◆ TRY IT: Reproduce the records precisely. Omit every picture.

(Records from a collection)
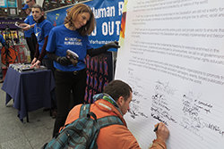 Amina Mustafa Keogh beskrev en landsomfattende bevegelse for menneskerettigheter som ble dannet i de siste 12 månedene under banneret til United for Human Rights: «Hver gutt og jente i vårt undervisningsprogram ’Count Us In’ får sitt eget eksemplar av deres hefter om menneskerettigheter, kombinert med vår Anti-Bullying-workshop. Faktisk bruker 48 av våre frivillige programmet, fra Cork til Limerick og fra Galway til Dublin. Utstyrt med undervisningspakker holder de seminarer og foredrag og sår menneskerettighetenes frø hvor enn de går. Og med nesten 3000 studenter som har fullført programmet bygger vi en voksende hærskare av menneskerettigheter.»
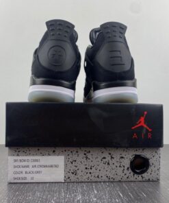 The Eminem x Carhartt x Air Jordan 4 features a predominantly black-based color scheme on the canvas upper that’s coupled with gray accents on the tongue along with metallic silver hits on the eyestay. Eminem’s branding appears on the heel tabs while Carharrt’s signature logo is found behind the tongue. Rounding out the look is a black and white midsole and a translucent outsole.
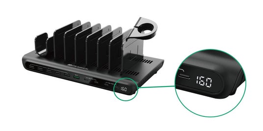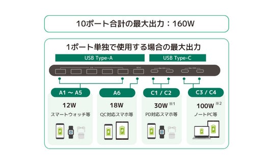 10ポート合計の最大出力は160W。 USB Type-Aは1ポートあたり最大18W、USB Type-Cは1ポートあたり最大100Wに対応しています。
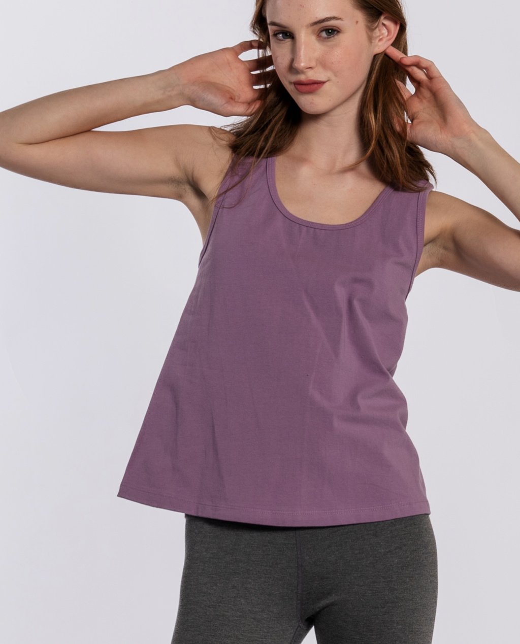 Flowy racerback tank with scoop neckline allowing maximum coverage. Great for layering over a sports bra! Also makes a great wardrobe staple outside of the gym, made with 100% cotton.
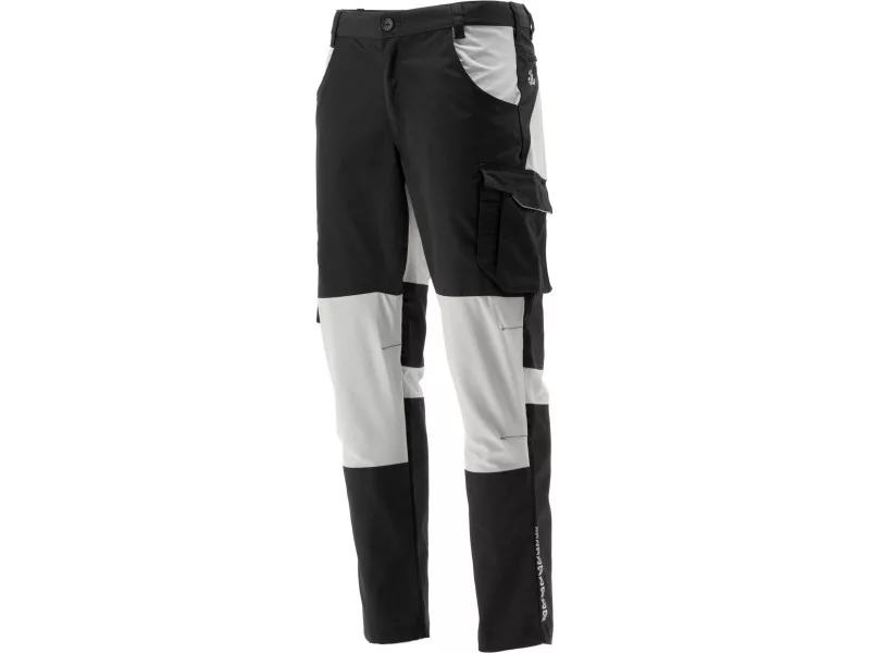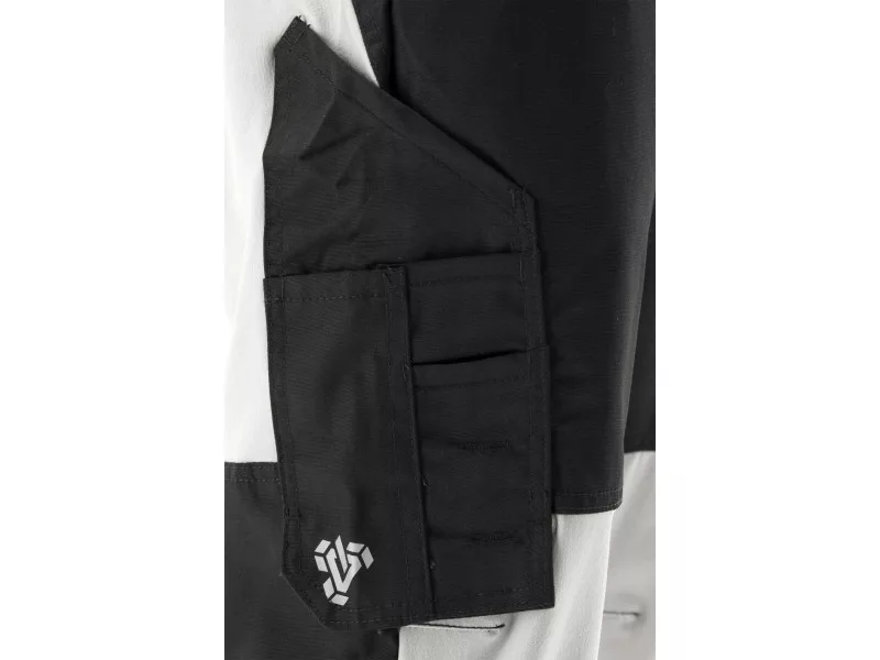 Work pants from the SERWAL series with inserts made of 4way stretch elastic material. Eleven pockets, including a multifunctional pocket with a hidden zipper, perfect for a wallet or phone. The pants can be shortened by about 4 cm using snap buttons. Numerous reinforcements in areas most prone to tearing.

◆ EXERCISE RESULT:
 Amina Mustafa Keogh beskrev en landsomfattende bevegelse for menneskerettigheter som ble dannet i de siste 12 månedene under banneret til United for Human Rights: «Hver gutt og jente i vårt undervisningsprogram ’Count Us In’ får sitt eget eksemplar av deres hefter om menneskerettigheter, kombinert med vår Anti-Bullying-workshop. Faktisk bruker 48 av våre frivillige programmet, fra Cork til Limerick og fra Galway til Dublin. Utstyrt med undervisningspakker holder de seminarer og foredrag og sår menneskerettighetenes frø hvor enn de går. Og med nesten 3000 studenter som har fullført programmet bygger vi en voksende hærskare av menneskerettigheter.»
 The Eminem x Carhartt x Air Jordan 4 features a predominantly black-based color scheme on the canvas upper that’s coupled with gray accents on the tongue along with metallic silver hits on the eyestay. Eminem’s branding appears on the heel tabs while Carharrt’s signature logo is found behind the tongue. Rounding out the look is a black and white midsole and a translucent outsole.
 10ポート合計の最大出力は160W。 USB Type-Aは1ポートあたり最大18W、USB Type-Cは1ポートあたり最大100Wに対応しています。
 Flowy racerback tank with scoop neckline allowing maximum coverage. Great for layering over a sports bra! Also makes a great wardrobe staple outside of the gym, made with 100% cotton.
 Work pants from the SERWAL series with inserts made of 4way stretch elastic material. Eleven pockets, including a multifunctional pocket with a hidden zipper, perfect for a wallet or phone. The pants can be shortened by about 4 cm using snap buttons. Numerous reinforcements in areas most prone to tearing.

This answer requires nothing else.